Her turn of phrase is bleakly funny and there are warm, vivid reminiscences, for a girlhood in rural Ireland “is not all knives and axes”, but as recollection coheres into a devastating story the nature of her sufferings becomes clearer. Dr Grene is both detector and hider of truths, and he finds himself in paradoxical reversal with his baffling patient, speaking to her of his own losses and hurts. But the book is arranged and imagined with immense tact, so that it is never unbalanced by its ironies. Roseanne and Dr Grene, though hardly ever described, are incarnated with such commitment and narrative astuteness that you feel you are standing in the rain of their lives. You are reading them, not reading about them.
As often in Barry’s work, Irish history is a malignant omnipresence, its antediluvian hatreds and innumerable betrayals forming not so much a backdrop as a toxic sludge through which the characters must wade, as best they can. The terrors of civil war have led to incurable enmities, the “sad, cold, wretched deaths of boys on mountainsides”. Innocence is murdered and idealism compromised by the dirty truths of sectarianism. The newborn state professes fealty to republican slogans but its bitterest irony is that liberty, equality and fraternity have proven so viciously incompatible. Trust is unaffordable. Love is a risk. The neighbour is the assassin, the former comrade the enemy.
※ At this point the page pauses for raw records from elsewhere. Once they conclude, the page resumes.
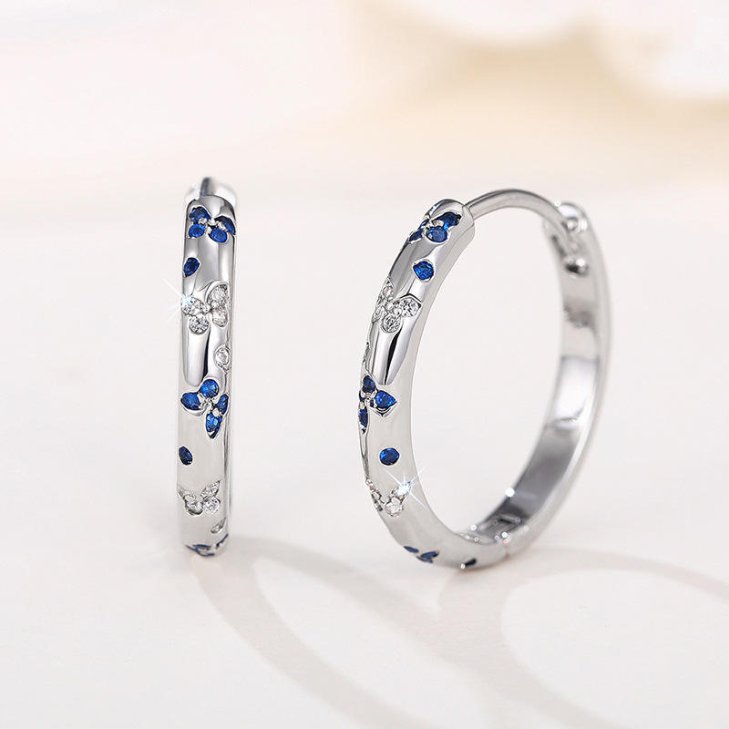 E3849 Orecchini a cerchio in oro bianco con design a farfalla in zaffiro per donna, set di gioielli regalo romantico
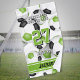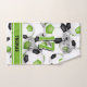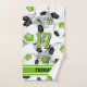 Cette serviette à main esprit d'équipe pour un joueur de football comprend le nom de l'athlète et le numéro du maillot, ainsi que le nom de l'équipe et de la mascotte qui surplombe l'image arrière - plan d'un groupe de balles de football vert, noir et blanc disposées aléatoirement sur un arrière - plan blanc. Les boules de football sont ombragées de façon sélective, ce qui leur donne une apparence 3D. Le nom de l'athlète peut être personnalisé sur des rayures horizontales vertes au bord inférieur de la serviette - par katz_d_zynes
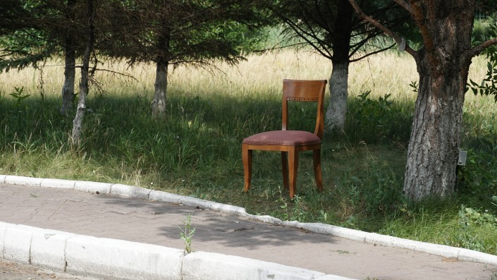 Тем не менее охранник здесь есть. Он сидит напротив, на стуле в тени.
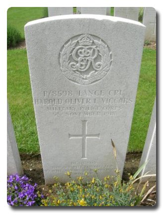 | Notes: | MFP. Awarded the Victory and War Medals. First served abroad (1) France, 16/4/1917. He was born in Newton Regnall, enlisted and resided in London. Died. Inscription on gravestone: Dear son you are not forgotten, we will always remember you. Mother. Medals claimed by his mother Mrs Sarah Viccars, 23 St Michael Street, Folkstone. Harold Oliver Lee Viccars.Army Registers of Soldiers' Effects: 5/11/1915 died from illness, 2/8/1919 father Alfred received £00-4-00, 6/3/1919 received £2-06-04, 7/12/1919 received £7-00-11. Harold Oliver Leo Viccars. Extract from the North Bucks Times and County Observer 19 November 1918.LITTLE BRICKHILL. DIED IN FRANCE - The death took place in France on November 5th from pneumonia following influenza of Detective Harold Viccars, of the Military Foot Police. He was very well known and had many friends in the village. he joined the London Constabulary in which he was doing well when called out to the front and there he served with the Military Foot Police as a detective. His many friends will deeply deplore his death almost at the time peace was about to be declared. He was the son of PC Viccars, lately of Little Brickhill. |
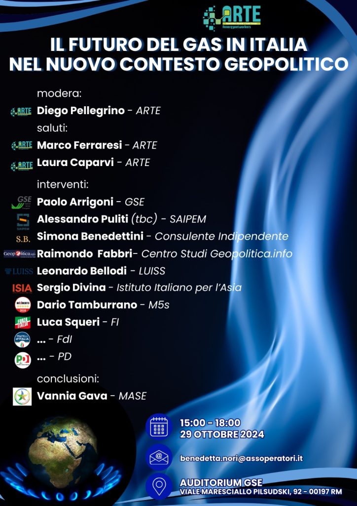 Arte – Convegno “Il Futuro del Gas in Italia nel nuovo Contesto Geopolitico” – Roma 29.10.2024 Ultimi aggiornamenti
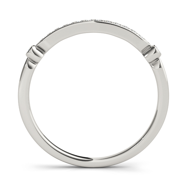 14k White Gold Wedding Band with 12 – .005PT Round & 2 – .0075PT Round Stones, equal to 1/15 carats total weight. This ring has an optional matching Engagement Ring. Can be customized to fit any stone and in any material. Please contact Ronelli Corp for custom orders and modification information, as pricing may vary.

In this territory of “murders so beyond gentleness and love that to be even in propinquity to them was ruinous”, identity itself is contested. Roseanne, as a working-class Presbyterian and a woman, is presented both as traumatised outsider and intimate commentator, a spectator of warring men whose allegiances and concomitant hatreds will have woeful consequences for her own family. Perhaps the act of telling her story is in some sense redemptive, but behind the mistrust of patriotism are more elemental questionings. This is a novel of masculinities; the damage done by men, to women, but also to themselves.
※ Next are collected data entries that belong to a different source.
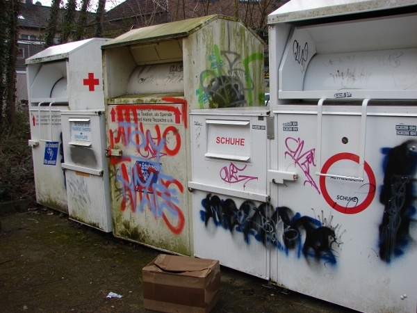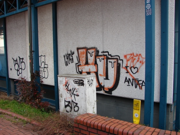 Die Schriftzüge der Graffiti zeugen dabei von durchaus unterschiedlichen Urhebern. Teils offenkundig politisch motiviert, teils aber auch offenkundig den Fanlagern von BVB und S04 zuzurechnen, oder eben Mitmenschen auf einem merkwürdig gearteten ‚Egotrip‘, die nur ihren Schriftzug möglichst hundertfach im Stadtgebiet vorfinden möchten. Alle Formen sind irgendwo vertreten.
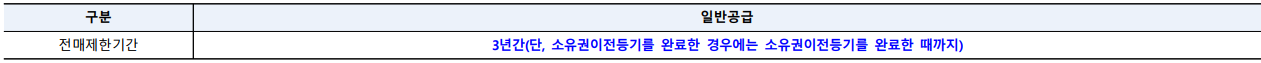 ※ 본 아파트는 최초 입주자로 선정된 날로부터 3년간(단, 소유권이전등기를 완료한 경우에는 소유권이전등기를 완료한 때까지)전매가 금지됩니다. 또한 최초 입주가능일로부터 3년 이내에 입주하여야 하고 3년동안 계속하여 거주할 의무를 부담합니다.
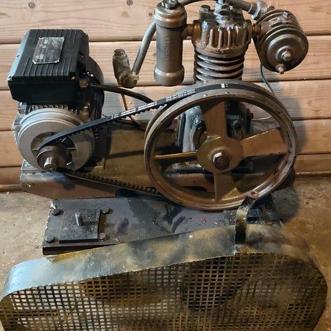 Kgk 7,5 hk 300 liters tank. Kørte da jeg købte den, sælges derfor som beset. Def er 2 hakker i den lille remskive. Sælges da jeg ikke har nok strøm til den.
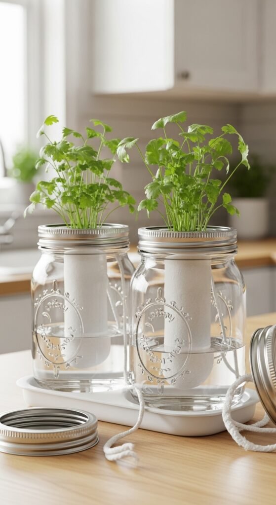 Drill holes in lids for wicks, fill jars with soil, insert herbs, and place over a water-filled base. Check and refill periodically. Pair this with concepts from self watering planters for variations.

Students of militant Irish nationalism may be tempted to read Roseanne as a sort of personification. Certainly, the image of Ireland as a forlorn old woman has for so long been central to republican iconography that the novel can be filtered through the lens of those meanings even as it cleverly subverts them.
But Barry is doing something darker and more daring than image-breaking. He makes enthrallingly beautiful prose out of the wreckage of these lives by allowing them to have the complication of actual history in all its messy elusiveness. “History, as far as I can see, is not the arrangement of what happens,” he writes, “but a fabulous arrangement of surmises and guesses held up as a banner against the assault of withering truth.” His achievement in this magnificent and heart-rending novel is a kind of restitution.